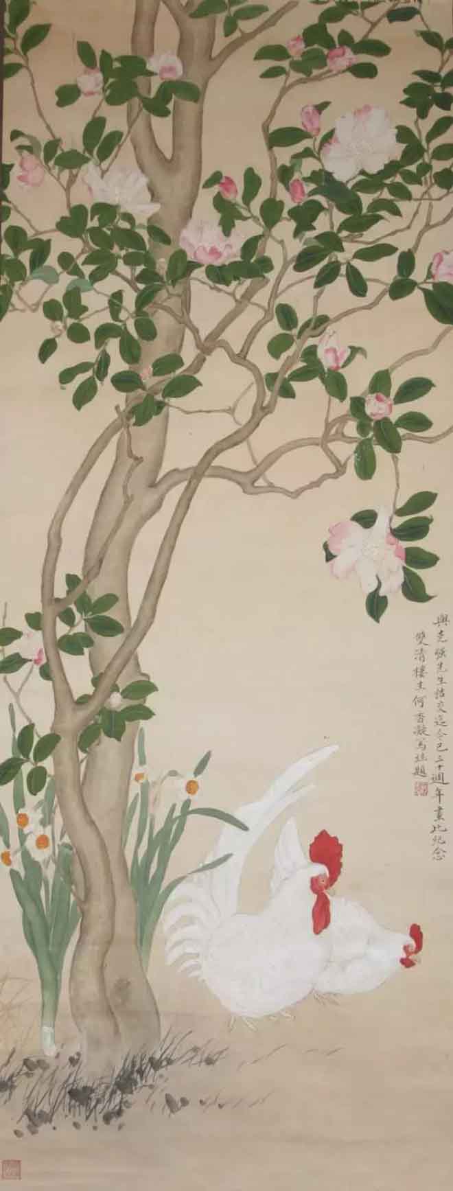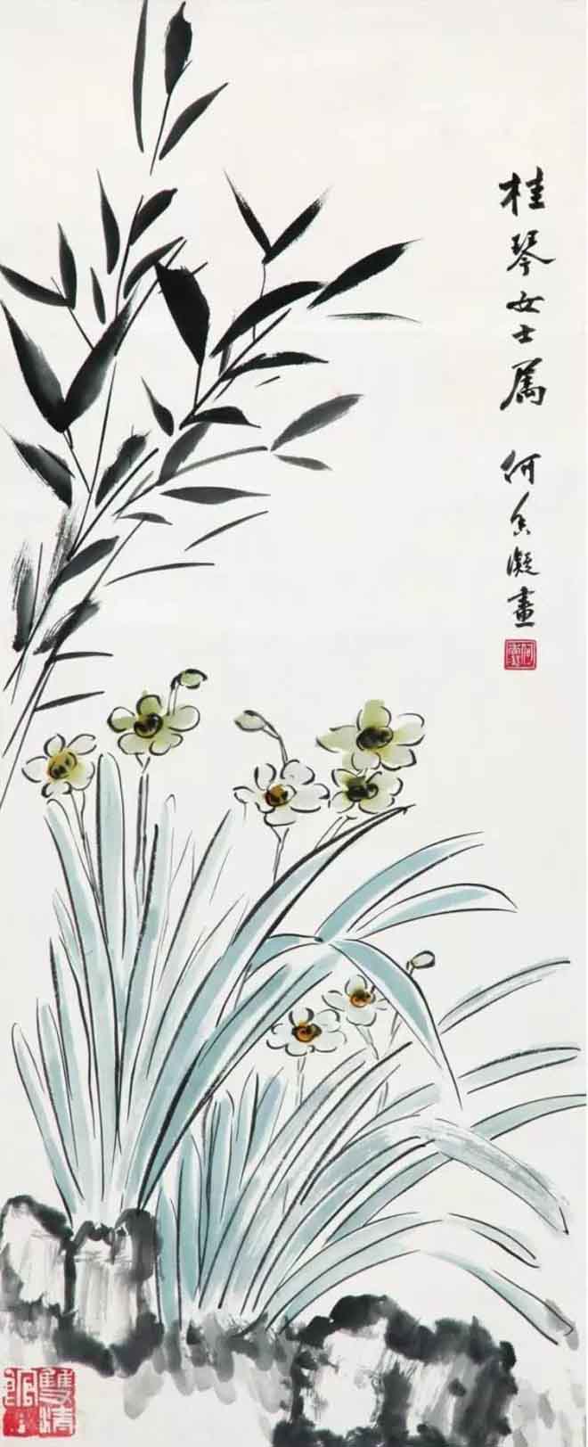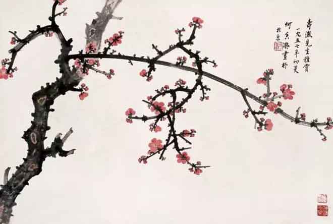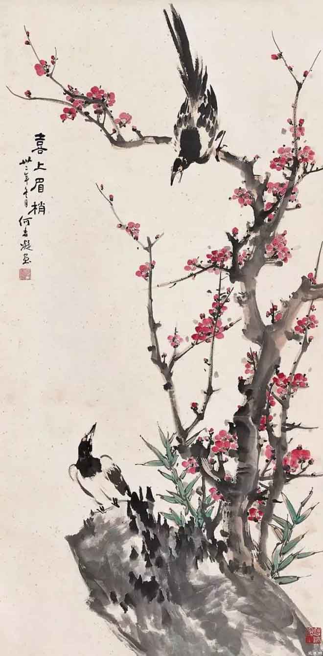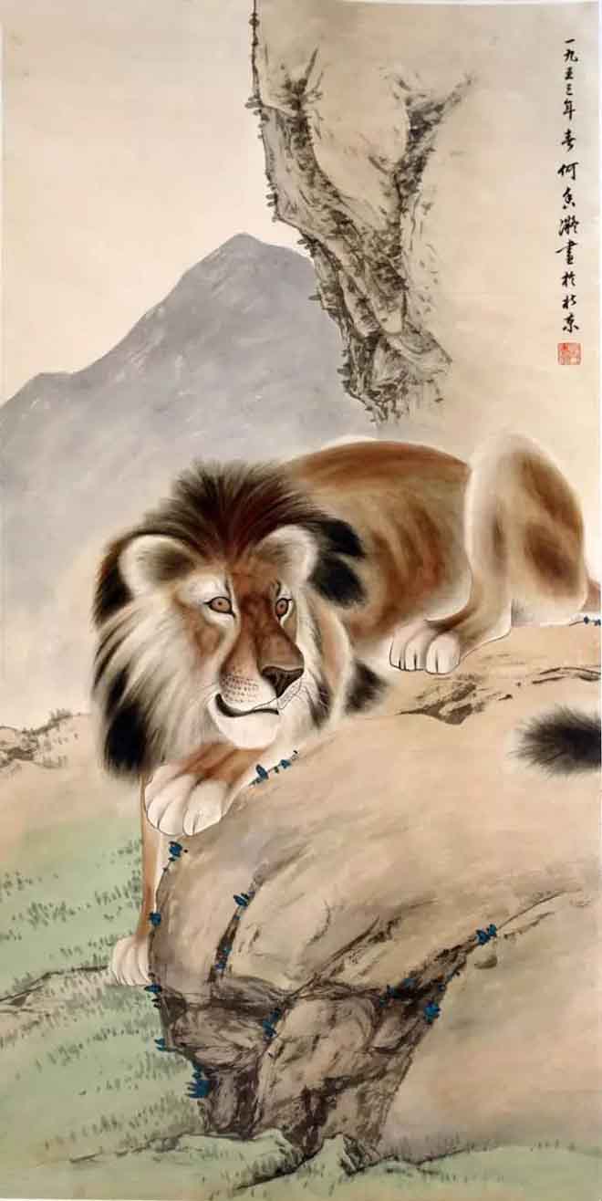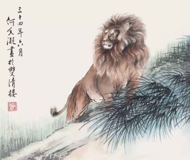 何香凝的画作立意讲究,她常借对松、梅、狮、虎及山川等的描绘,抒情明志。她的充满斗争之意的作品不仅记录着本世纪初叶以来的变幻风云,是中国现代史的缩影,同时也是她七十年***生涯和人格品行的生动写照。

==

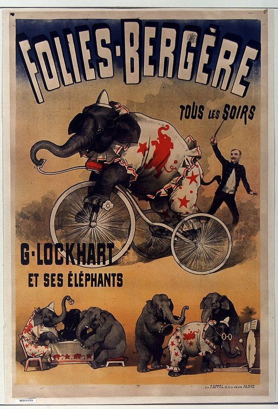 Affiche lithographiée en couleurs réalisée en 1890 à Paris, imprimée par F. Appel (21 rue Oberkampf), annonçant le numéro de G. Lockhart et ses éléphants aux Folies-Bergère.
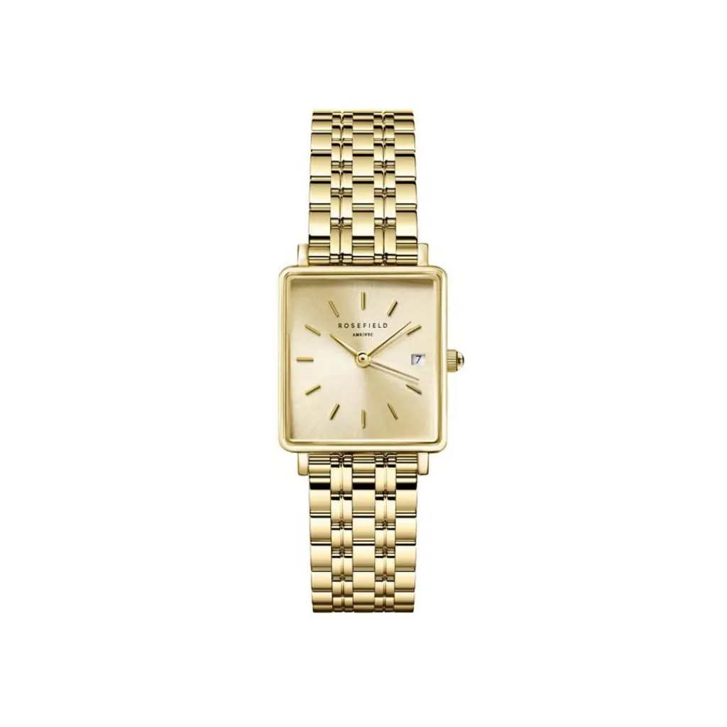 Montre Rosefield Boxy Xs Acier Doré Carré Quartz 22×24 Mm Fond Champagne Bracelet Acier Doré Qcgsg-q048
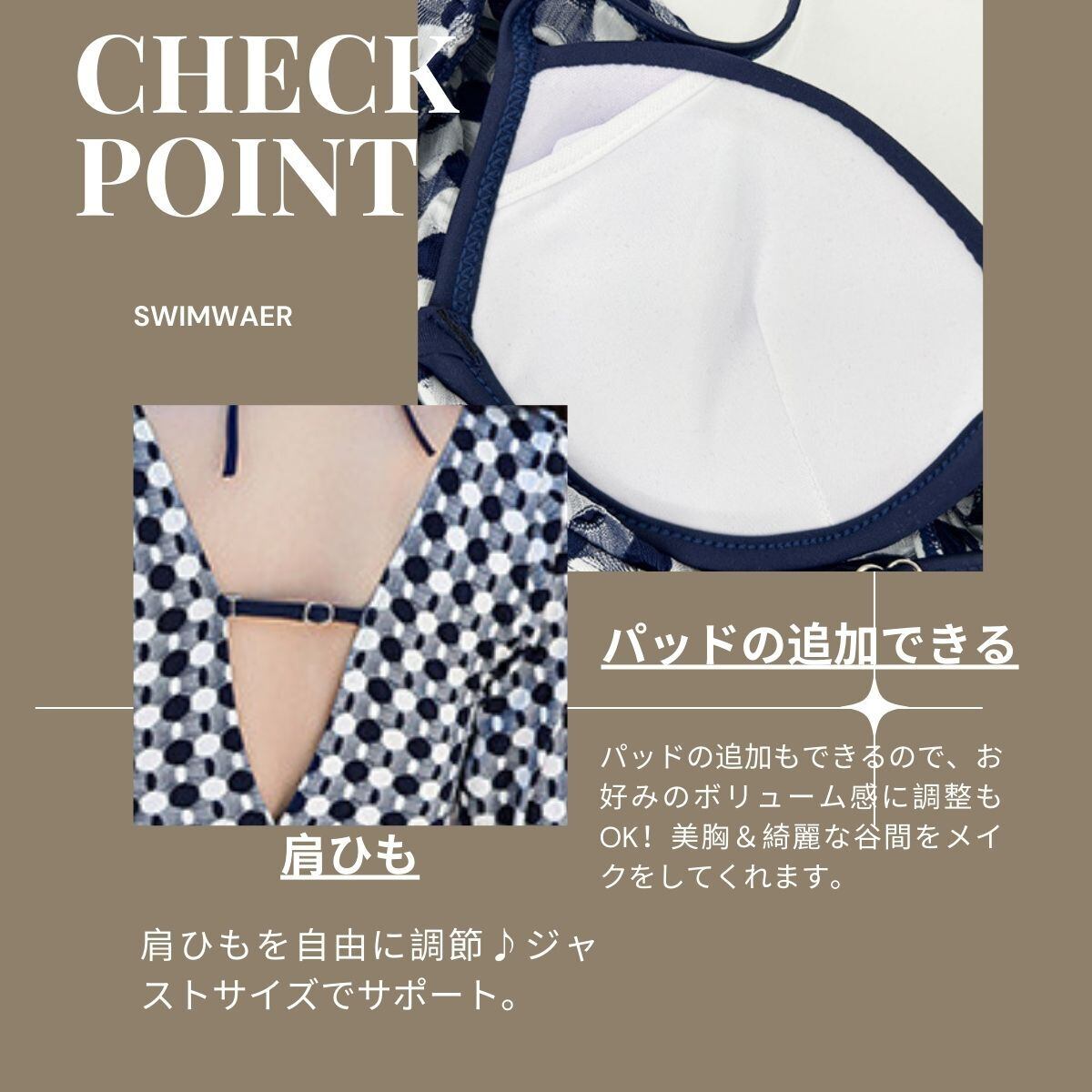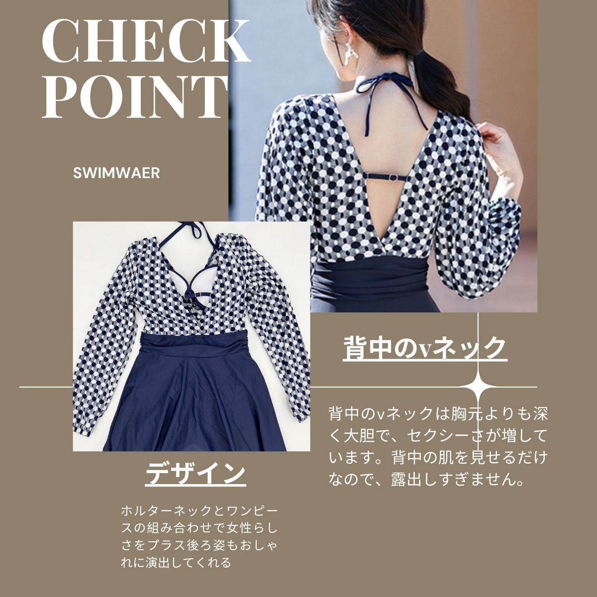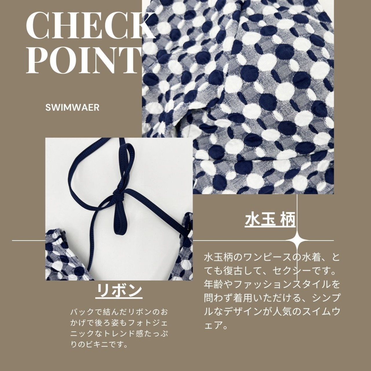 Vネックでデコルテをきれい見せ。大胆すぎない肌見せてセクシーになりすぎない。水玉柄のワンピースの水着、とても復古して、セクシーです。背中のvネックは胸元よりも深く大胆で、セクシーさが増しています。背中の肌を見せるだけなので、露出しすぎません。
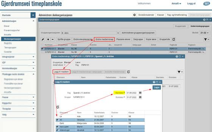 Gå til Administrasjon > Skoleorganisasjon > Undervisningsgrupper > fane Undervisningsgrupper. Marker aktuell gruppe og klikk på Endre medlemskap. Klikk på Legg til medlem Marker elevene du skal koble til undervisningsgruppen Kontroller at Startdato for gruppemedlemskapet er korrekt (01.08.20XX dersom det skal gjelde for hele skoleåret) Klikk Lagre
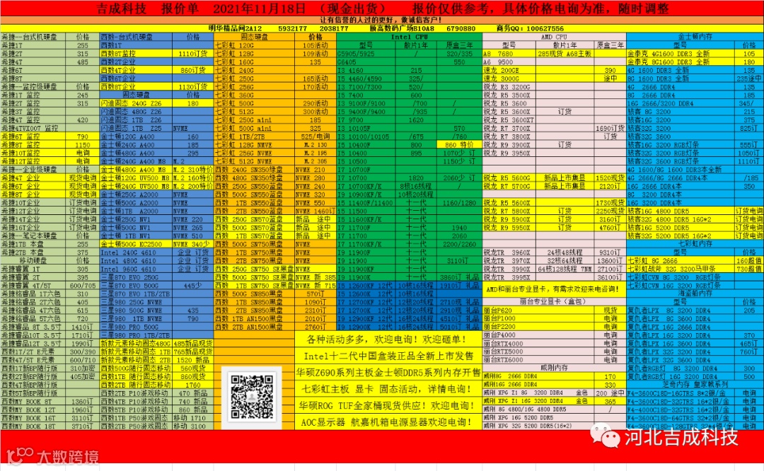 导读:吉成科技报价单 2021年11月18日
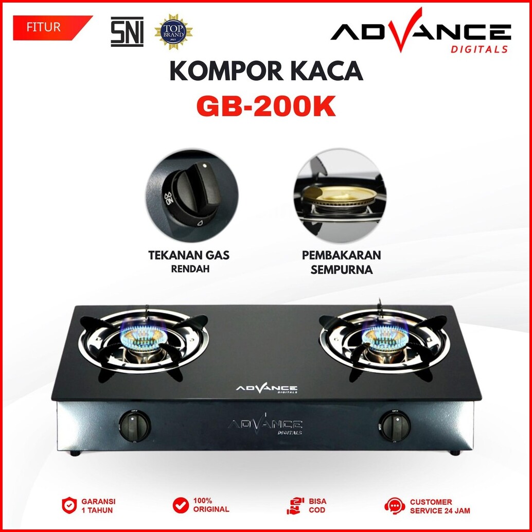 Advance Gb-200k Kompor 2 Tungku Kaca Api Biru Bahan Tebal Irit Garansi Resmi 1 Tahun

--

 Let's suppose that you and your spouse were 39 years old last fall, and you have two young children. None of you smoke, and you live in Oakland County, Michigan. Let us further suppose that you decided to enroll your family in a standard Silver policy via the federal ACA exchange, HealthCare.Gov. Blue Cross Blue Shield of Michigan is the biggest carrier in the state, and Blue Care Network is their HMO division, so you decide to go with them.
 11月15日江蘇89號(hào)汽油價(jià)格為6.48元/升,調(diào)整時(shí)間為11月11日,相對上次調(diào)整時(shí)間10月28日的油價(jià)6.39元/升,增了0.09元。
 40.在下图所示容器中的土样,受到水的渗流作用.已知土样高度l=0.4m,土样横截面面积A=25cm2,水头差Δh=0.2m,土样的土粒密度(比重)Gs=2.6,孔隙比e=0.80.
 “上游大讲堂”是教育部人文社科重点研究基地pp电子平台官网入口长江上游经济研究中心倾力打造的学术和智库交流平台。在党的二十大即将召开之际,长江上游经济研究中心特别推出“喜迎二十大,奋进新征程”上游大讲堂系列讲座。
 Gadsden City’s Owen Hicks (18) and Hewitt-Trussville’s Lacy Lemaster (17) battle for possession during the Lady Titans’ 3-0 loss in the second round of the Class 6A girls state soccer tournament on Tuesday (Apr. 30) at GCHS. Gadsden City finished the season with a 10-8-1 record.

• BRIEF: Would you filter the records and copy out each line containing "with"?

• RESULT FOR THIS TASK:
 Let's suppose that you and your spouse were 39 years old last fall, and you have two young children. None of you smoke, and you live in Oakland County, Michigan. Let us further suppose that you decided to enroll your family in a standard Silver policy via the federal ACA exchange, HealthCare.Gov. Blue Cross Blue Shield of Michigan is the biggest carrier in the state, and Blue Care Network is their HMO division, so you decide to go with them.
 Gadsden City’s Owen Hicks (18) and Hewitt-Trussville’s Lacy Lemaster (17) battle for possession during the Lady Titans’ 3-0 loss in the second round of the Class 6A girls state soccer tournament on Tuesday (Apr. 30) at GCHS. Gadsden City finished the season with a 10-8-1 record.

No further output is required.